I’m not sure how the best way to handle simplifying a model without doing insane things. I do know that if what you are doing amounts to overtly “putting zero probability on it” then what you are doing is a terminal mistake that makes the process distinctly non-bayesian. I get the impression that the mistakes that bayesians are trying to correct with their after the fact testing of the model are different ones to this one. If common ‘bayesian statisticians’ do in fact make mistakes that are of this order then consider me mistaken but also consider their claims to be ‘bayesians’ also, more or less, lies.
If you choose a single model to work with, you are effectively putting zero probability on all other models (that are not contained in your chosen model as sub-models). Gelman’s posterior predictive checks aren’t motivated by this consideration (one of his non-mainstream-for-a-Bayesian stances is that model probabilities aren’t useful). Nevertheless, the checks are directed at identifying ways in which the model fits the data poorly, with an eye to guiding further model elaboration, so they do address this issue in a sense.

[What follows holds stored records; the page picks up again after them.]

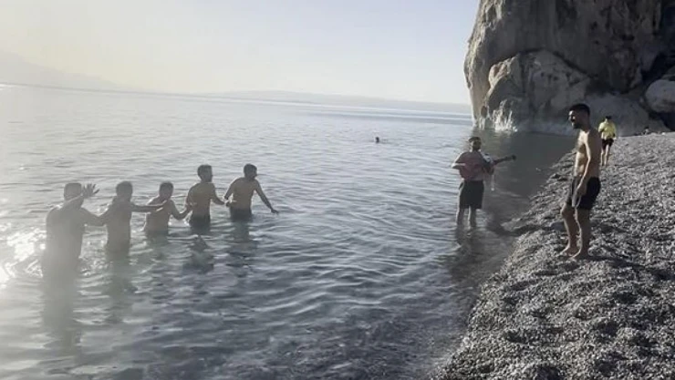 Van’da Kurban Bayramı tatilini değerlendiren bir grup arkadaş, sahilinde piknik yaptıkları Van Gölü’ne girerek hem serinlediler hem de halay çekerek eğlendiler.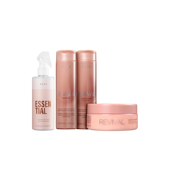 Kit Braé Revival Shampoo 250ml + Condicionador 250ml + Máscara Revival 200g + Essential 260ml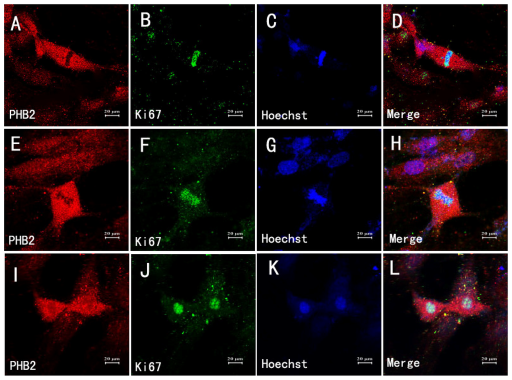 The relationship between astrocytes mitosis and PHB2. Fluorescent double labeling demonstrates: Cells at late metaphase showed high expression level state of PHB2 (A,E,I); PHB2 and Ki67 (marker of cell proliferation) (B,F,J) double-fluorescent staining results further prove these types of cells were in late metaphase (D,H,L). Hoechest in C,G,K is the marker of nuclear. Scale bars: 20 μm (A–L).

Philosophically this is true, but practically speaking, it’s not. Setting certain posterior probabilities to zero can be a good approximation to a fully Bayesian analysis (e.g., this paper). In fact, if it’s appropriate to use a small number of sigfigs in your results, this approximation can yield the exact same results far faster. I don’t think it’s fair to call the labeling of such an analysis as Bayesian a lie.

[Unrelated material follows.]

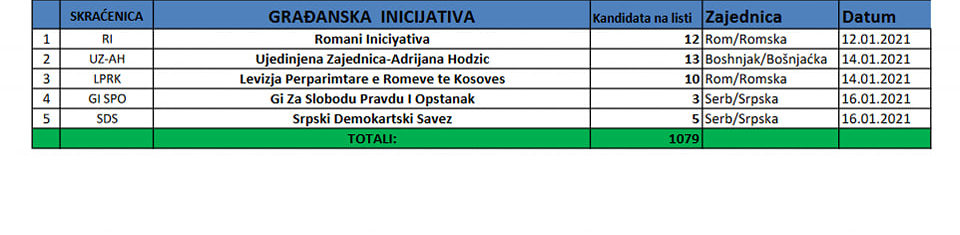Pet građanskih inicijativa su: Romska inicijativa, Ujedinjena zajednica – Adrijana Hodžić, Progresivni pokret kosovskih Roma, GI za slobodu pravdu i opstanak i Srpski demokratski savez.

I follow this reasoning and it applies in many cases. The reason I do not consider it applicable to the example given is due to the explicit mentioning of “We can make Z’s pre-evidence probability arbitrarily small, to make this seem reasonable at the time.” That changes the meaning of the example significantly in my understanding.
I claim that if Z is given enough consideration that ‘arbitrarily small’ is plugged in rather than mere exclusion from a model then it is just an error not an approximation. There are valid examples of bayes-in-practice that support the position John takes but I just don’t consider this example a fair representation. Partly because the mistake is a bad way to handle urns and partly because explicitly plugging in bad priors for Z should make you explicitly expect bad posteriors for Z. Exclusion from the model itself is a different problem.

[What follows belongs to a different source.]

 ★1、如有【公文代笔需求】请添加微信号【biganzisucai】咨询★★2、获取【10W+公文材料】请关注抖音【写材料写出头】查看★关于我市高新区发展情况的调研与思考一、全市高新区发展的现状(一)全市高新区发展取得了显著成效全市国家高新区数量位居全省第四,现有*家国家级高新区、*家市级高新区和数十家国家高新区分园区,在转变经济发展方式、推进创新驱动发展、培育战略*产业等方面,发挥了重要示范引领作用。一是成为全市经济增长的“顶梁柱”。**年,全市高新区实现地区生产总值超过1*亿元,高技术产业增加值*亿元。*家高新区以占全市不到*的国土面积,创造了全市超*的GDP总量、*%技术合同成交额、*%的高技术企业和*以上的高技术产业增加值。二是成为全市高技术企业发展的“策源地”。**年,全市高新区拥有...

Good answer. I neglected to read up-thread with enough thoroughness.
Good answer. I got a bit confused because Z has two meanings: “ball labelled Z was observed” (data), and “ball came from urn Z” (hypothesis). John’s model can assign zero probability to data than could possibly be observed, and that’s the big no-no.
In the example provided it would be by having the labels “A, B, C and Zooblefuzz” where Zooblefuzz is clearly defined ‘any other urn than A, B or C’.